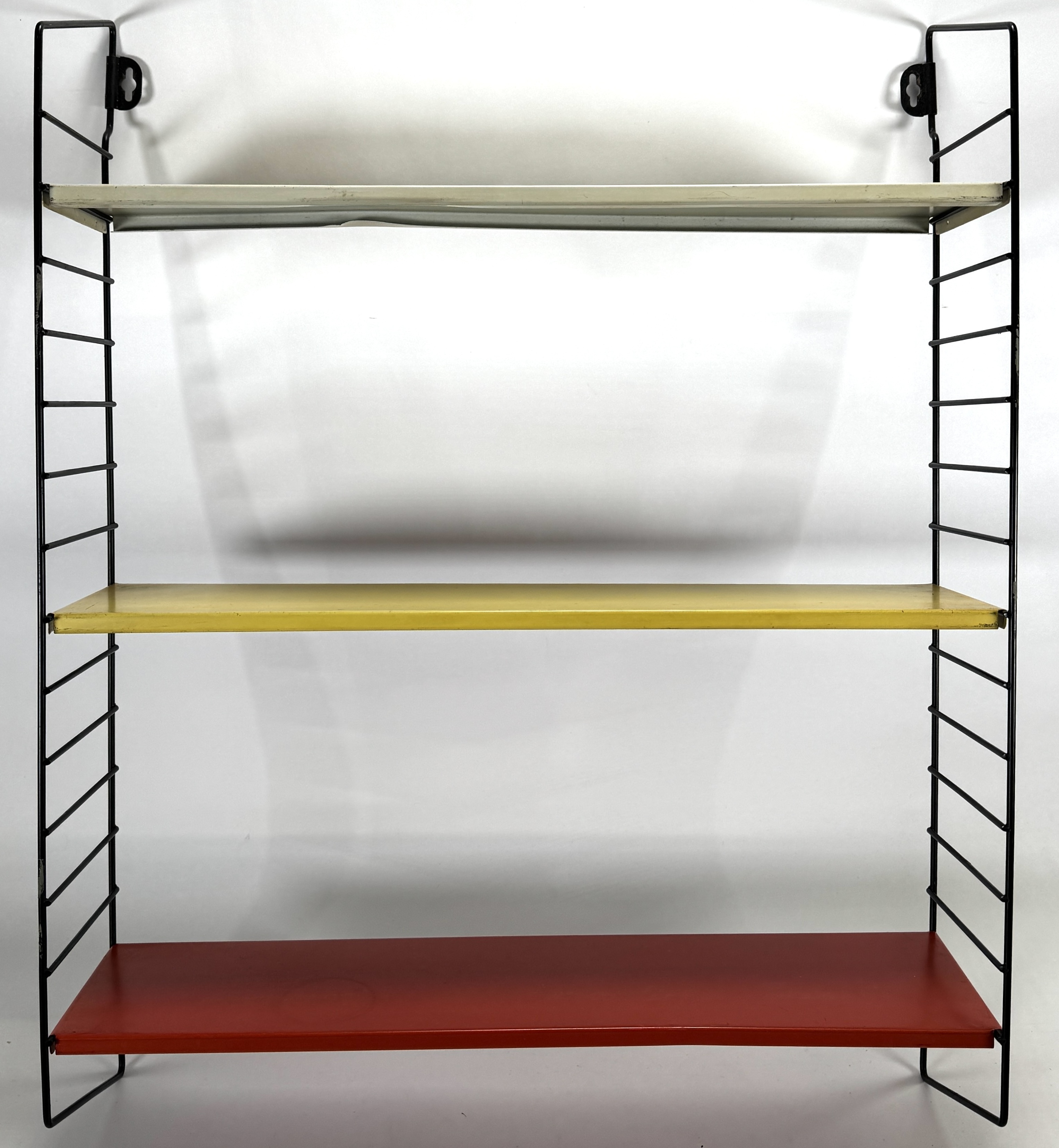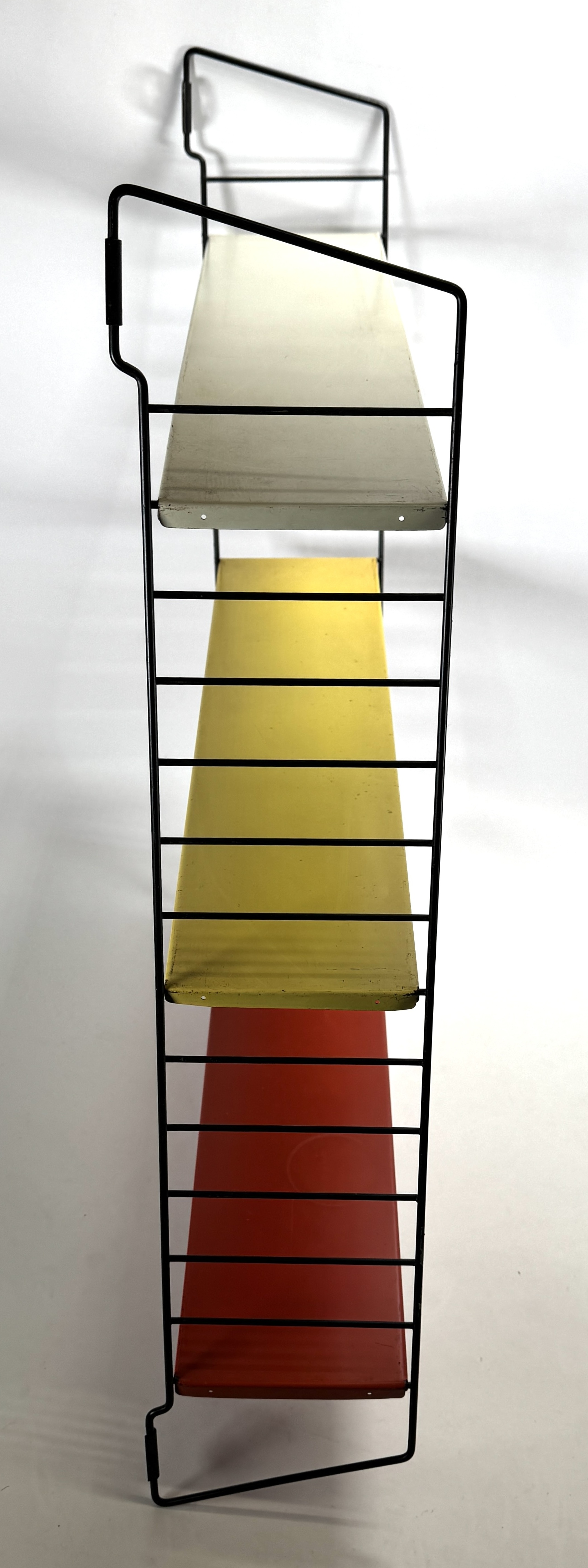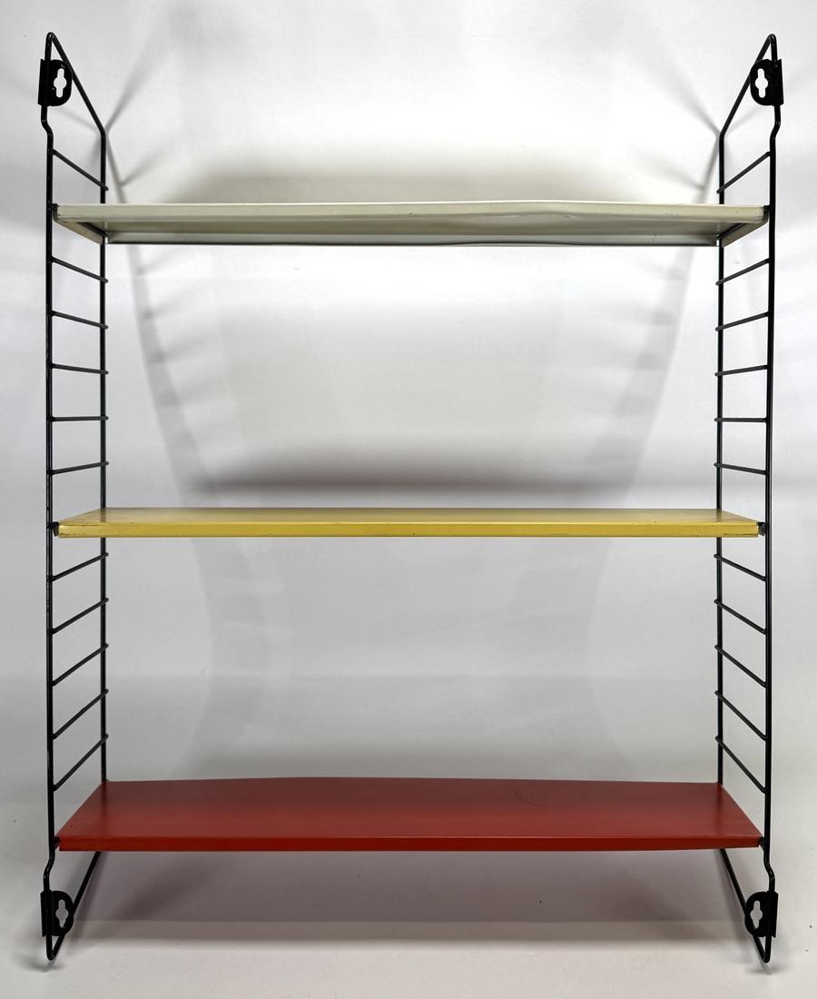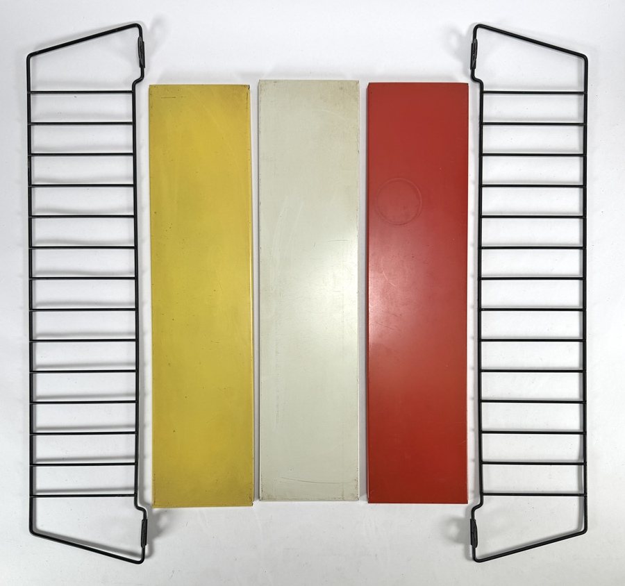 Tomado wandrek ontworpen door Ariaan Dekker uit de Mid-century modern periode, vervaardigd uit zwart draadstaal en meerkleurig plaatstaal. Het modulaire ontwerp bevat drie metalen planken in rood, geel en crème, dateert uit circa 1960 en heeft een Nederlandse herkomst. Eerst het wandrek zien voordat je biedt? Bezoek onze kijkdagen op 10, 11 en 12 april! |
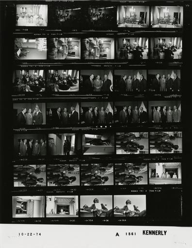 | Keywords: Ford A1561 NLGRF photo contact sheet (1974-10-22)(Gerald Ford Library).jpg White House Photographic Office WHPO is housed at the Gerald R Ford Presidential Library a branch of the National Archives and Records Administration NARA <br/><br/> This file is a 200 dpi photo contact sheet having images from roll of film A1561 of the August 9 1974 - January 20 1977 Gerald R Ford White House Photographic Office Series A0001-A9999 and B0001-B2886 photographs <br/><br/> The date on the photo contact sheet is the date the roll of film was processed not necessarily the date the photographs were taken See table below for additional details 1974-10-22 Gerald R Ford Presidential Library Image http //www fordlibrarymuseum gov/library/whphotos/A1561_NLGRF jpg A1561_NLGRF jpg from http //www fordlibrarymuseum gov/library/whphotos/19741022whpo pdf White House Photographs October 22 1974 of the http //www fordlibrarymuseum gov/Library/whphotos/whpo asp White House Photographic Collection page White House Photographic Office WHPO <br/> Creator David Hume Kennerly PD-USGov Institution Institution Gerald R Ford Presidential Library Table wikitable sortable + Photo contact sheet A1561 U S President Ford Administration Gerald R Ford Library Frame s Tone Subject proper Subject generic Names Geographic Location Photographer Date - 3A BW Prior to Fundraising Breakfast for Senator Bellmon - Oklahoma City Oklahoma seated on couch reading smoking pipe GRF Oklahoma City OK Skirvin Plaza Hotel - President's Suite Kennerly 1974-10-22 - 4A-5A BW Fundraising Breakfast for Senator Bellmon; United States Senators from Oklahoma OK - Oklahoma City Oklahoma seated at table - all not in every frame GRF Sens Bellmon Bartlett; Bill Flint Mary Morey Ed Mahzahn Rita Moore Bill Payne James Inhofe Others Oklahoma City OK Skirvin Plaza Hotel - 14th Floor Kennerly 1974-10-22 - 6A-10A BW Prior to Meeting with Representatives of the Cattle Industry; United States Senators from Oklahoma OK -Oklahoma City Oklahoma seated at table reading documents - various angles and distances GRF Oklahoma City OK Skirvin Plaza Hotel - President's Suite Kennerly 1974-10-22 - 11A-14A BW Meeting with Representatives of the Cattle Industry; United States Senators from Oklahoma OK -Oklahoma City Oklahoma seated around table - various angles and distances GRF Sens Bellmon Bartlett; George Stone Lewis Munn Wray Finney John Dunn Adam Sallee Oklahoma City OK Skirvin Plaza Hotel - Room 916 Kennerly 1974-10-22 - 15A-23A BW Following Meeting with Representatives of the Cattle Industry - Oklahoma City Oklahoma handshaking standing posing for pictures - all not in every frame GRF George Stone Lewis Munn Wray Finney John Dunn Adam Sallee Oklahoma City OK Skirvin Plaza Hotel - Room 916 Kennerly 1974-10-22 - 24A-25A BW Following Meeting with Representatives of the Cattle Industry - Oklahoma City Oklahoma standing talking Rumsfeld Burch Oklahoma City OK Skirvin Plaza Hotel - Outside Room 916 Kennerly 1974-10-22 - 26A-31A BW Prior to Departure for Myriad Convention Center -Oklahoma City Oklahoma standing talking laughing - waiting for GRF to exit building Kennerly Media Woman Oklahoma City OK Skirvin Plaza Hotel - Outside Kennerly 1974-10-22 - 32A-34A BW Prior to Departure for Myriad Convention Center -Oklahoma City Oklahoma GRF waving entering limousine; limousine roof in foreground GRF Secret Service Oklahoma City OK Skirvin Plaza Hotel - Outside Kennerly 1974-10-22 - 35A-36A BW Prior to Rally for Oklahoma Campaign Workers -Oklahoma City Oklahoma seated holding documents up to face Nessen Oklahoma City OK Myriad Convention Center Kennerly 1974-10-22 Gerald R Ford Presidential Library and Museum-cooperation PD-USGov Contact sheets by the Ford White House October 1974 Photographs by David Hume Kennerly from 1974 |
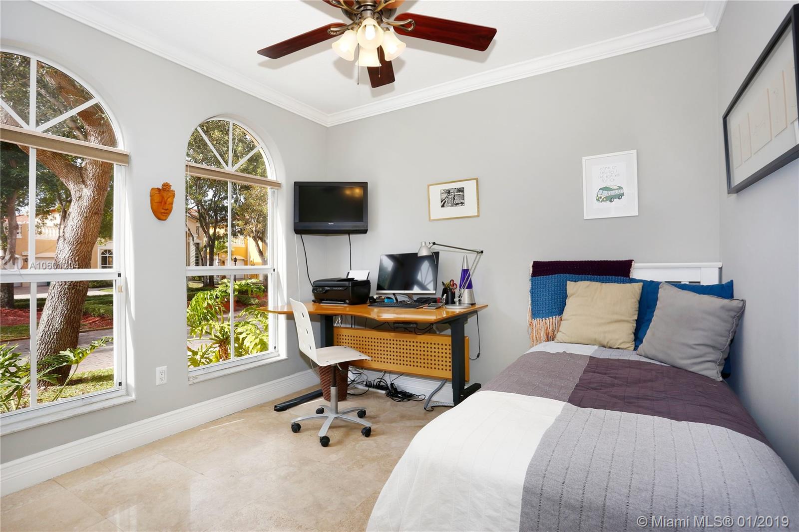 The lovely play of high volume ceilings, natural light and a rich palette of wood, travertine and granite makes this home come alive. Living and entertaining space extends outdoors to the large, private patio and the rooftop garden terrace. Open loft, with huge windows will be everyone’s favorite spot; it's perfect for a home office. Thoughtful design choices allows a full spectrum of design options from traditional to modern decor. Newer AC and appliances, upstairs baths both renovated. Located in the small community of Piazza Vecchia. This stunning home sits across from the community’s signature feature, a beautifully shaded Piazza where you will find yourself each afternoon enjoying a shady spot in the park with the company of neighbors— a little bit of Italy in Doral. Two car garage.
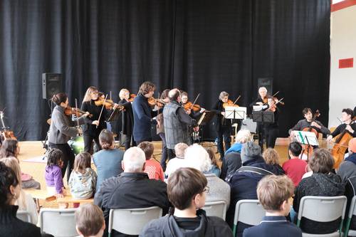 Am 17.01.2025 besuchten uns die Musiker*innen der Camerata Bern. Das Orchester spielte ein Konzert für die Schule, danach spielten die Schüler*innen Bands der OSBe für die Musikerinnen und zum Abschluss sangen wir gemeinsam. Yannick bekochte uns alle und wir hatten die Möglichkeit uns mit den Musiker*innen auszutauschen. Über die Begegnung freuen wir uns sehr und wir bedanken uns ganz herzlich für das wunderschöne Konzertgeschenk.
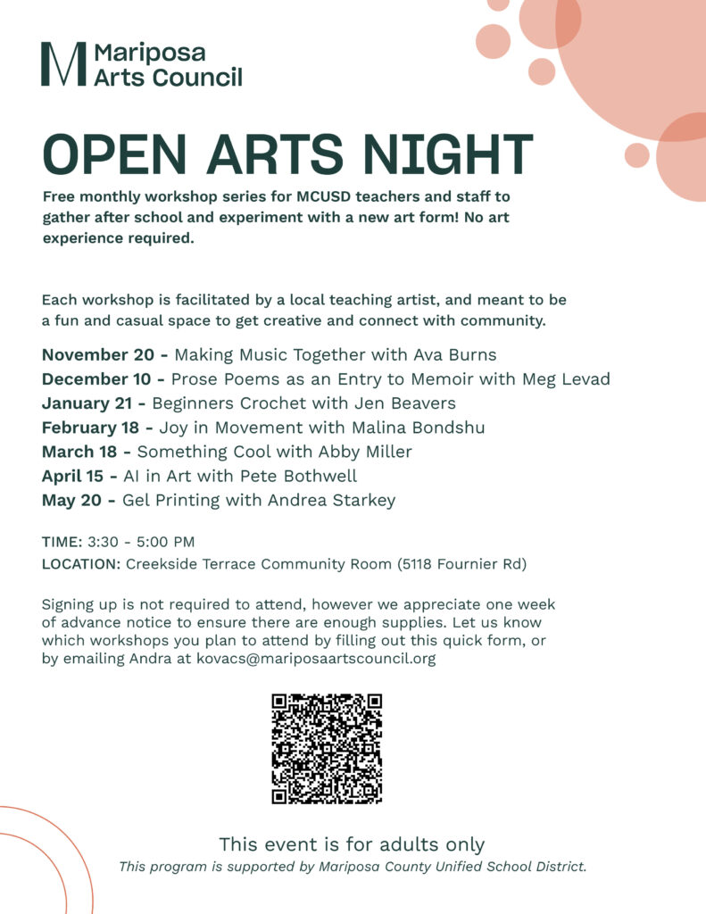 Signing up is not required to attend, however we appreciate one week of advance notice to ensure there are enough supplies. Let us know which workshops you plan to attend by filling out the sign-up form, or by emailing Andra at kovacs@mariposaartscouncil.org
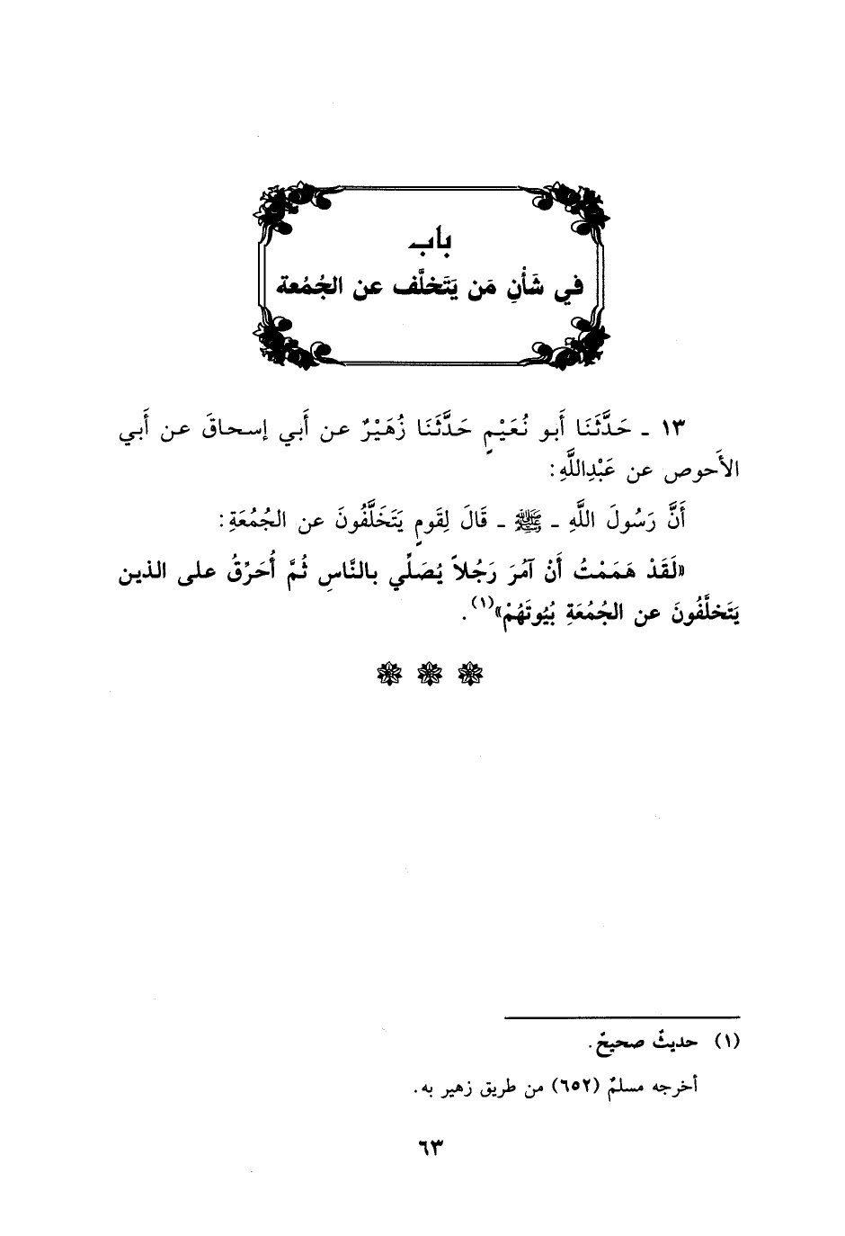 13 - حَدَّثَنَا أَبُو نُعَيْمٍ، حَدَّثَنَا زُهَيْرٌ، عَنْ أَبِي إِسْحَاقَ، عَنْ أَبِي الْأَحْوَصِ، عَنْ عَبْدِ اللَّهِ، أَنَّ رَسُولَ اللَّهِ صَلَّى اللَّهُ عَلَيْهِ وَسَلَّمَ قَالَ لِقَوْمٍ يَتَخَلَّفُونَ عَنِ الْجُمُعَةِ: «لَقَدْ §هَمَمْتُ أَنْ آمُرَ رَجُلًا يُصَلِّي بِالنَّاسِ ثُمَّ أُحَرِّقُ عَلَى الَّذِينَ يَتَخَلَّفُونَ عَنِ الْجُمُعَةِ بُيُوتَهُمْ»

■ ■ ■

▸ Task details
Reproduce, exactly and with no pictures, the lines from the line containing "Signing up is" through the closing line of the data above, keeping both ends.

▸ Written answer
 Signing up is not required to attend, however we appreciate one week of advance notice to ensure there are enough supplies. Let us know which workshops you plan to attend by filling out the sign-up form, or by emailing Andra at kovacs@mariposaartscouncil.org
 13 - حَدَّثَنَا أَبُو نُعَيْمٍ، حَدَّثَنَا زُهَيْرٌ، عَنْ أَبِي إِسْحَاقَ، عَنْ أَبِي الْأَحْوَصِ، عَنْ عَبْدِ اللَّهِ، أَنَّ رَسُولَ اللَّهِ صَلَّى اللَّهُ عَلَيْهِ وَسَلَّمَ قَالَ لِقَوْمٍ يَتَخَلَّفُونَ عَنِ الْجُمُعَةِ: «لَقَدْ §هَمَمْتُ أَنْ آمُرَ رَجُلًا يُصَلِّي بِالنَّاسِ ثُمَّ أُحَرِّقُ عَلَى الَّذِينَ يَتَخَلَّفُونَ عَنِ الْجُمُعَةِ بُيُوتَهُمْ»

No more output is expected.